Task description — Among the entries below, find all lines that include "bright" and copy them.

Data for analysis —
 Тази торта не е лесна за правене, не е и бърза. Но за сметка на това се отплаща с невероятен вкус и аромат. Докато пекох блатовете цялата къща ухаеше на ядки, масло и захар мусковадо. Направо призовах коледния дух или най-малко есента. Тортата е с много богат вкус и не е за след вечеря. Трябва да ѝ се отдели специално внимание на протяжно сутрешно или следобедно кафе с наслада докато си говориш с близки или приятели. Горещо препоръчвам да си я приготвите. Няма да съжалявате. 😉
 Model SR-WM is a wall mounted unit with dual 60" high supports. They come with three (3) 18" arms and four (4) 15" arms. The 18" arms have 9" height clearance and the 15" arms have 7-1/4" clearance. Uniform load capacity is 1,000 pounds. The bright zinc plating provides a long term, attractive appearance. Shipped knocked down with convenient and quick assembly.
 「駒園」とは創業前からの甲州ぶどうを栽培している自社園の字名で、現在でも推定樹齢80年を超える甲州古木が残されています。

---

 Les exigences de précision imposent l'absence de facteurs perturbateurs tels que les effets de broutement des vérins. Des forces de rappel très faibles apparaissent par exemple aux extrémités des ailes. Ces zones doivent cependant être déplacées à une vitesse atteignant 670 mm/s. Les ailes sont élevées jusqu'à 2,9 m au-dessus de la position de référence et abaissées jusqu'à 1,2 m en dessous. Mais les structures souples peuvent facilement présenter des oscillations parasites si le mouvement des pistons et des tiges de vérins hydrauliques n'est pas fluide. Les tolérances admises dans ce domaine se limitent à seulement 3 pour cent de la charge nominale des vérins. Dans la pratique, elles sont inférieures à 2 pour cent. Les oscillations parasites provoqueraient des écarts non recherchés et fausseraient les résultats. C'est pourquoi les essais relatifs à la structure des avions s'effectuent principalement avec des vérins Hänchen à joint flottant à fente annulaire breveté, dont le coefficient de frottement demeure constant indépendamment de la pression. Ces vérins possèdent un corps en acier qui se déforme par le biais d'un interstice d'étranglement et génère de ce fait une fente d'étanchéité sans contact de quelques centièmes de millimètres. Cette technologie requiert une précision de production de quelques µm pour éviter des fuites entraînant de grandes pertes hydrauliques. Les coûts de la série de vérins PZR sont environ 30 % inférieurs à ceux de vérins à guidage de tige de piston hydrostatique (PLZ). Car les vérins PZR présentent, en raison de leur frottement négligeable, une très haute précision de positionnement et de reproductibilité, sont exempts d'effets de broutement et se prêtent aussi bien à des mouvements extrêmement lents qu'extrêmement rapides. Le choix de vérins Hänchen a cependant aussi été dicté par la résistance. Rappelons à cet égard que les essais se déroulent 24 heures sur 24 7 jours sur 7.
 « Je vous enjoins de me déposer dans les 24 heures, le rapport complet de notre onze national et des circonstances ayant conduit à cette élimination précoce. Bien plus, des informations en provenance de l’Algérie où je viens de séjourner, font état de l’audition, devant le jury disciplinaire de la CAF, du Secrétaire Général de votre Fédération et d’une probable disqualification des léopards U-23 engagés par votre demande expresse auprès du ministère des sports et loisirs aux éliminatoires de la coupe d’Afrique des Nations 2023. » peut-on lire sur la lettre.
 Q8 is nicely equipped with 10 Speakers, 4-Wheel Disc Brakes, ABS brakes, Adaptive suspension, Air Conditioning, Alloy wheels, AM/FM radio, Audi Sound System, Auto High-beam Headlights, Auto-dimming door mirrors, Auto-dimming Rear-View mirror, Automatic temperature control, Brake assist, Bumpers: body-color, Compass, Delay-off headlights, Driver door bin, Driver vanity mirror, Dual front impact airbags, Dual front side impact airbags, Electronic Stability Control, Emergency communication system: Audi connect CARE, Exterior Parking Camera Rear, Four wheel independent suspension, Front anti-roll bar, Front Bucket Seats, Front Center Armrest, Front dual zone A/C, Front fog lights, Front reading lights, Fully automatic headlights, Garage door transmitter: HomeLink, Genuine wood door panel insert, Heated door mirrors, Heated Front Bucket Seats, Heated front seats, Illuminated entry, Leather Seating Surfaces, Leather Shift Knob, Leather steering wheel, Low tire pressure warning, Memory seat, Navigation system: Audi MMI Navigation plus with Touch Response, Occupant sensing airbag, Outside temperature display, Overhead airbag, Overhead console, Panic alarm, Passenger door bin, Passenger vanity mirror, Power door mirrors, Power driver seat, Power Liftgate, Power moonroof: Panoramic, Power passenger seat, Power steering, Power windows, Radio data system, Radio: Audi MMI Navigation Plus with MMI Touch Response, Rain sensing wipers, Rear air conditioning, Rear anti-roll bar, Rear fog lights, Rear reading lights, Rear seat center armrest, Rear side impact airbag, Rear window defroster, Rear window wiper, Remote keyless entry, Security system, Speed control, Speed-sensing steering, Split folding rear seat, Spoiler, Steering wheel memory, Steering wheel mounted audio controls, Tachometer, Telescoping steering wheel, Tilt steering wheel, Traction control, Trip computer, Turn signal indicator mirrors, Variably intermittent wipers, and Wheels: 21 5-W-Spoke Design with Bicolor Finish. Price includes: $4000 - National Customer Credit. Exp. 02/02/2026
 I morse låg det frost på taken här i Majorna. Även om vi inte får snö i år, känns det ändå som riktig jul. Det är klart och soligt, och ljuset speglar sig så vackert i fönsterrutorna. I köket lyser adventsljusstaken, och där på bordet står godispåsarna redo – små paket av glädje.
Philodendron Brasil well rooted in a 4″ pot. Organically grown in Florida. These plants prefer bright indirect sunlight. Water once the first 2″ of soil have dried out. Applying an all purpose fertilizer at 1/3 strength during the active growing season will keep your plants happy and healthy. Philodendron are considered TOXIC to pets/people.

Task response —
 Model SR-WM is a wall mounted unit with dual 60" high supports. They come with three (3) 18" arms and four (4) 15" arms. The 18" arms have 9" height clearance and the 15" arms have 7-1/4" clearance. Uniform load capacity is 1,000 pounds. The bright zinc plating provides a long term, attractive appearance. Shipped knocked down with convenient and quick assembly.
Philodendron Brasil well rooted in a 4″ pot. Organically grown in Florida. These plants prefer bright indirect sunlight. Water once the first 2″ of soil have dried out. Applying an all purpose fertilizer at 1/3 strength during the active growing season will keep your plants happy and healthy. Philodendron are considered TOXIC to pets/people.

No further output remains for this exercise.